Some of the meals I've made for the Elimination Diet have actually been so delicious (and easy!) that I will keep them in our meal rotation, even after I'm off this blasted diet. This salmon dinner is definitely one of them. I will admit that our grocery budget has gone up since I started this diet, because unfortunately cleaner, healthier, and fresher foods cost more. We are still cautious about how much we spend, but it's unavoidable in some ways.
This diet has also forced me to be much more creative in the kitchen, which is fun. Now that I have a good grasp of what I can/can't eat, I am able to improvise some meals, either by altering recipes or gathering what I can find in the pantry. This recipe is a collection of a few different ones I've made in the past. It's fast and easy because the salmon cooks very quickly, and you can throw together the avocado and cucumber salad while it's roasting.

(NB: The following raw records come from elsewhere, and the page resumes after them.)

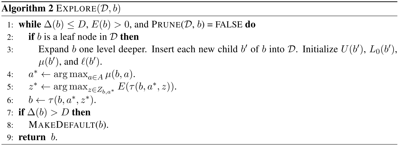 Cease exploration once \(E(b') \le 0 \). Exploration beyond this point yields minimal RWDU bounds contraction
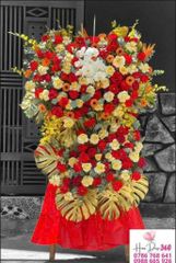 Kệ hoa khai trương thiết kế một tầng lớn, rực rỡ với sự kết hợp tinh tế giữa nhiều loại hoa và màu sắc nổi bật.
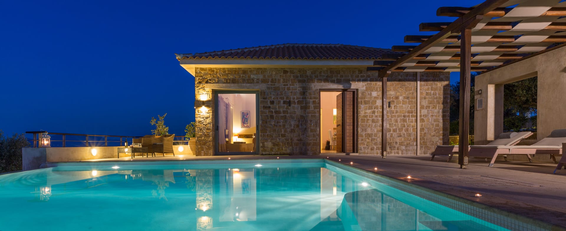 Olivia’s Luxury Villas are two luxurious and elegant villas of 180square meters each, with a private pool and surrounding garden. They are built next to each other so that they can both enjoy the same breathtaking sea view, while at the same time, each house maintains its privacy. The houses built in a contemporary architectural style, are comfortable, sunny, and spacious with stone walls and wooden beams on the ceilings. They are surrounded by olive trees colorful plants and a wonderful private 40sq.m swimming pool each.
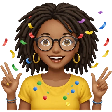 Black female with dark dreadlock hair wearing large round glasses and a yellow top celebrating with confetti emoji
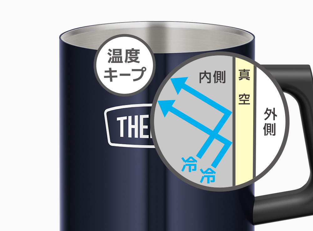 おいしさ長持ち!アウトドア仕様ステンレス製魔法びん構造のマグカップ
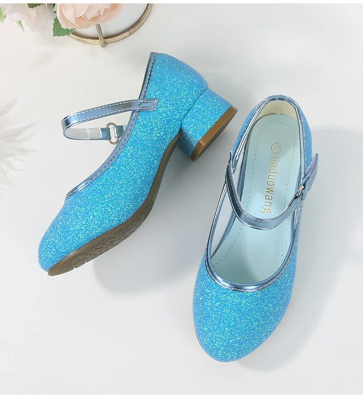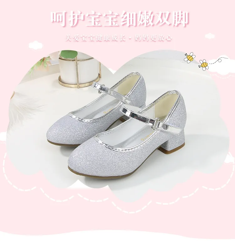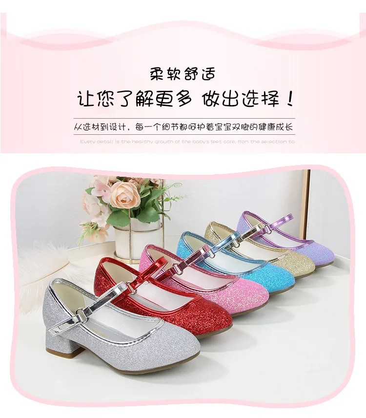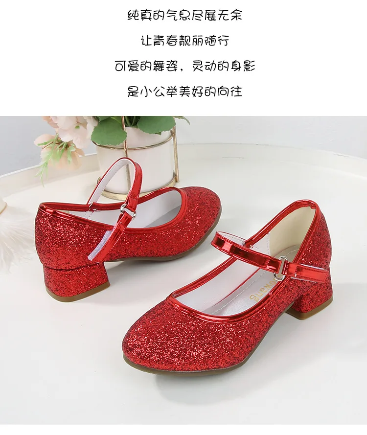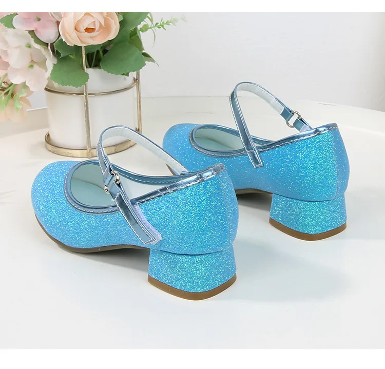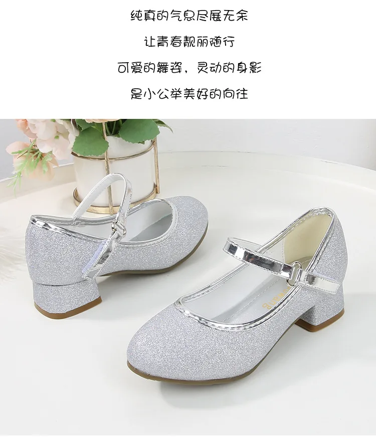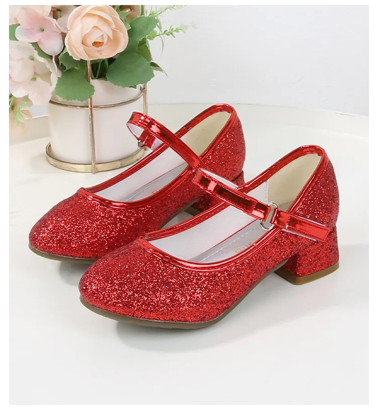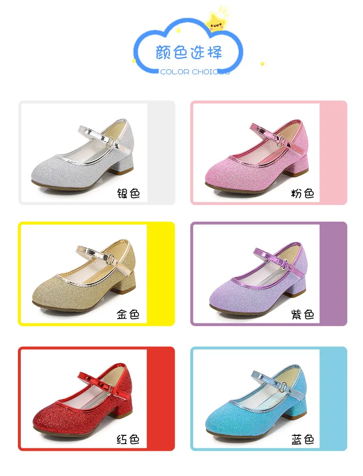 حذاء بناتي ذو كعوب عالية موديل 2023 للأطفال بأربع مواسم حذاء برنسيس للأطفال للربيع والخريف حذاء بنعل أملس مزين بالترتر

Skillet Salmon with Avocado Cucumber Salad
2-4 salmon fillets, skin removed
2 TBS olive oil
2 ripe avocados, pitted and diced
1 large cucumber, de-seeded and diced
Pre-heat the oven to 450.
Lay the salmon on a flat surface and generously salt/pepper each side of the fillets. Put the olive oil in an oven-proof skillet (if the handle is not oven-proof, you can wrap it in foil), and bring it up to high heat. When the oil is almost smoking, place the salmon fillets in and let them sear for about 3-4 minutes so they form a nice crust.
After, flip the fillets over carefully, and place the skillet into the pre-heated oven, until the fish cooks through, about 7-8 minutes (depending on the thickness). While it's cooking, combine the diced avocado and cucumber in a bowl, and season with salt, pepper and lemon juice to taste.
When the fish is done, squeeze more lemon over the top and serve immediately.